= Michele Zukovsky =

Michele Zukovsky (née Bloch) is an American clarinetist and longest serving female woodwind player in the history of the Los Angeles Philharmonic Orchestra, serving from 1961 at the age of 18 until her retirement on December 20, 2015.

Since ending her decade's-long tenure with USC Thornton School of Music in 2017, Zukovsky has served as an applied faculty member at Azusa Pacific University School of Music in California.

==Background==
Born and raised in the Los Feliz and Franklin Hills neighborhood of Los Angeles, she played alongside and later succeeded her father, Kalman Bloch, as the principal clarinetist of the L.A. Philharmonic.

Her brother Gregory Bloch (deceased 1988) played violin and mandolin for the Italian rock band Premiata Forneria Marconi (PFM), the American progressive-rock bands String Cheese and It's a Beautiful Day, on "Gilda Live" on Broadway, and with the Saturday Night Live Band. Through Gregory, she is also the aunt of author, graffiti artist, academic, and urban theorist Stefano Bloch.

She is related through her mother Frances to famed violin virtuoso Jascha Heifetz.

== Career ==
Zukovsky has performed worldwide, including with the Boston Pops, the St. Petersburg String Quartet, the Lincoln Center Chamber Players, and at the Mostly Mozart Festival.

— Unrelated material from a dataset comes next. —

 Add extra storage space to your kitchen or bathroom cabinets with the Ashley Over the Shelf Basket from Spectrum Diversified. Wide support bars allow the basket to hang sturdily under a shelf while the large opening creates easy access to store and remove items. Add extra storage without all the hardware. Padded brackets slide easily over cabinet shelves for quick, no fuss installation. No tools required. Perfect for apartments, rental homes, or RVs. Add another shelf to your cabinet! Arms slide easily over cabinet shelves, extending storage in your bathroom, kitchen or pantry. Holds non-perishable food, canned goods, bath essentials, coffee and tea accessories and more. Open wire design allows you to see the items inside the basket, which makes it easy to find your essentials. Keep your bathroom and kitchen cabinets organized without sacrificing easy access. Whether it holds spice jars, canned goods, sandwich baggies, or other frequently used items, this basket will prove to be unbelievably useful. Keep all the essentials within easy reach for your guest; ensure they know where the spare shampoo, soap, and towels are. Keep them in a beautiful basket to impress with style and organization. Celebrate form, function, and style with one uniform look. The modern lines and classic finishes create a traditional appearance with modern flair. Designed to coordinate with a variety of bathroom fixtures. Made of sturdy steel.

She premiered John Williams' Clarinet Concerto with the Boston Pops in 1991. In 1986, she premiered a version by Luciano Berio of the Sonata in F minor, Op. 120 #1, by Johannes Brahms, arranged for clarinet and orchestra under commission from the Los Angeles Philharmonic Orchestra.

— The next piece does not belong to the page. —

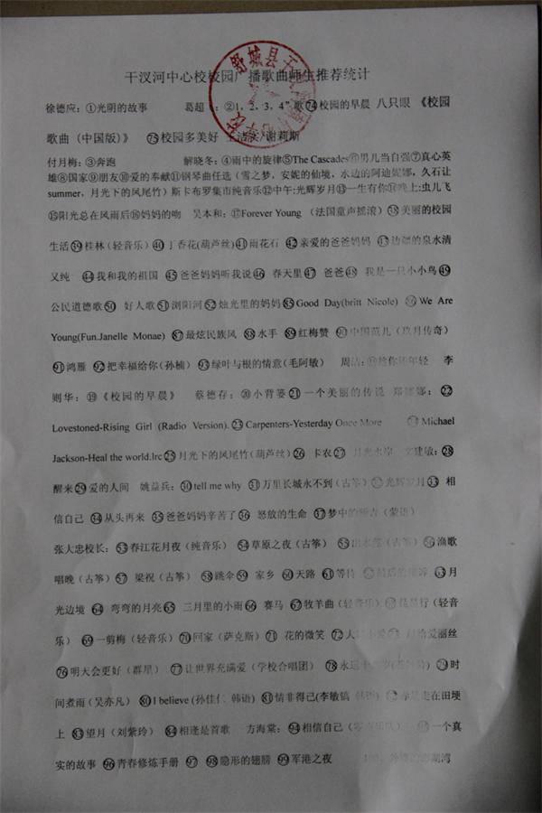 为全面贯彻党的教育方针,落实教育部《学校艺术教育工作规程》的要求,凝聚校园文化,日前,干汊河中心校在全体师生中公开征集并筛选了100首校园歌曲,将用于学校校园广播的播放,每天10首,一月一轮换。

As a recording artist, Zukovsky has released several works, including the most recent Simeon Bellison: The Arrangements for Clarinet (Summit Records, 2008), a compilation recording that includes arrangements by the Russian-American Simeon Bellison and Jewish-themed works by other composers.

As a film industry studio clarinetist, Zukovsky played of several films scored by John Williams.

She served on the faculty of the University of California, Los Angeles, University of Southern California, California Institute of the Arts, Citrus College, and the Pasadena Conservatory of Music.